Недалеко от храма, на площади, обведенной полукругом из сфинксов, процессия остановилась. Носилки были поставлены на землю, и Рамзес сошел с трона, поддерживаемый эрисами.
Площадь и толпы народа, казалось, дрогнули от испуга. Они увидели бога!…
Это был белый, как горный снег, молодой бык — Апис. Добродушная морда животного, кроткие, огромные, несколько выпученные глаза, бессмысленно глядевшие на блестящую процессию, — все это как-то не вязалось с понятием о грозном и всемогущем божестве. Но такова сила человеческой глупости: все — исключая жрецов, и то немногих, — верили, что это — бог, Апис-Озирис. Все упали на колени: кто воздевал руки к божеству, кто распростерся ниц.

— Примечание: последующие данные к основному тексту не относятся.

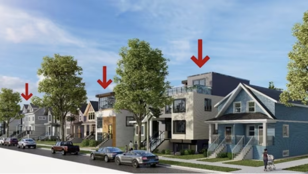 温哥华市的渲染图,展示了传统单户住宅社区中的复合住宅的样子。(CBC)
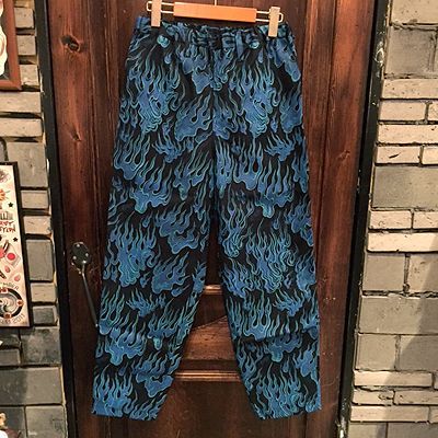 {NO MAD NUMSKULL} ORIGINAL PATTERN LONG PANTS / "FIRE" / BLACK×BLUE
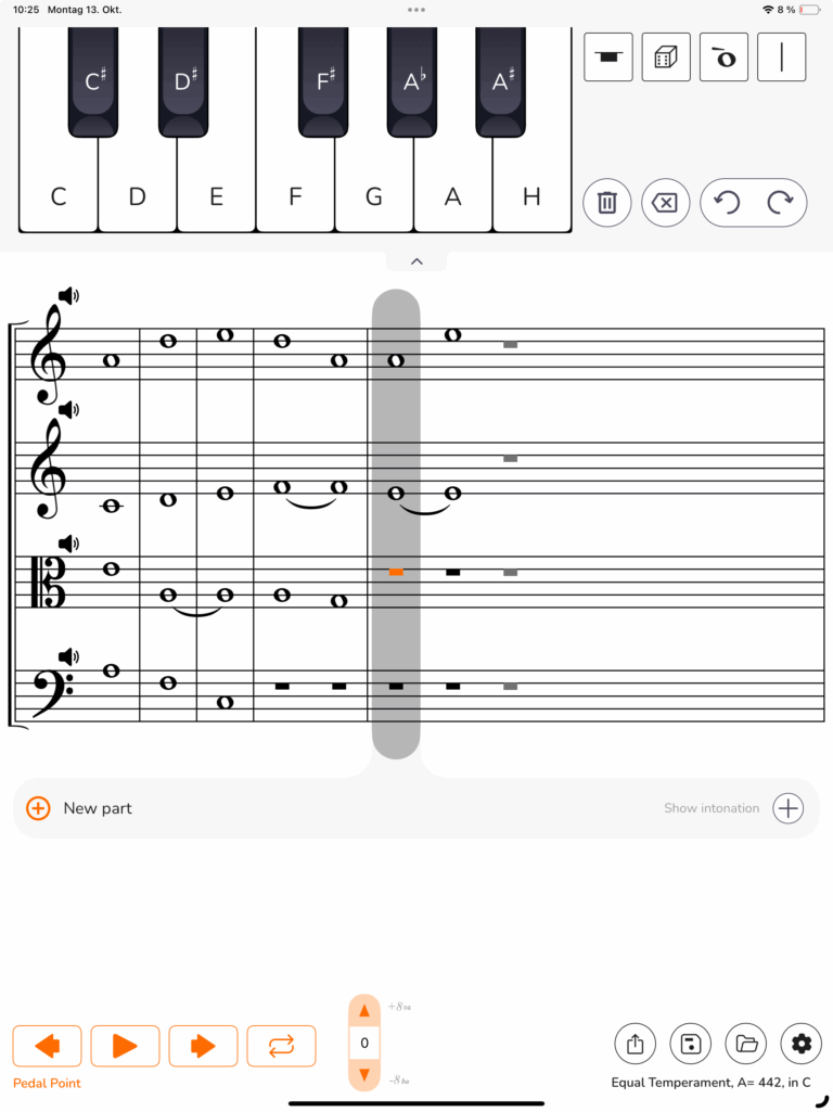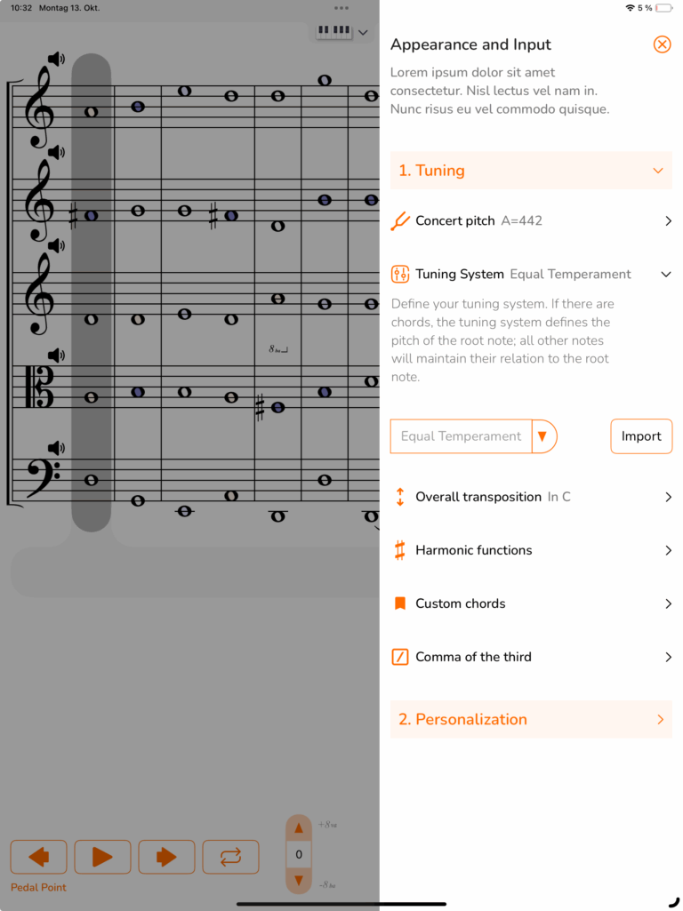 Select a tuning system to define the default pitch of each note. Choose from a list of various tuning systems or import your individual tuning system
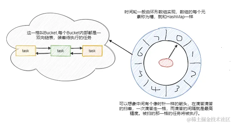 槽的内部用双向链表存着待执行的任务,添加和删除的链表操作时间复杂度都是 O(1),槽位本身也指代时间精度,比如一秒扫一个槽,那么这个时间轮的最高精度就是 1 秒。

Впереди Аписа шел жрец, куря фимиам перед священным животным. Бык шел послушно: он знал, куда его ведут. Богу долго не давали есть, он проголодался, но хорошо знал, что если верховный жрец идет впереди с курильницей, то, значит, — скоро богу дадут кушать. Вслед за Аписом двадцать два жреца несли на драгоценных носилках, в форме паланкина, самую статую божества, Амона Горуса, из чистого медианитского золота, а другие жрецы богатыми опахалами и ветками олеандров в цвету навевали свежесть на это золотое божество.
Рамзес присоединился к этой священной процессии. Возложив на голову один венец — венец «нижней страны», он пошел вслед за Аписом. За ним понесли статую Аммона-Горуса, окруженную жрецами, из которых один громко возглашал предписанные на этот случай молитвы, другие девятнадцать жрецов несли разные священные предметы, а еще семь выступали с небольшими золотыми изображениями предков и предшественников Рамзеса, которые символически, в вещественных образах, принимали участие в торжестве своего дальнейшего потомка.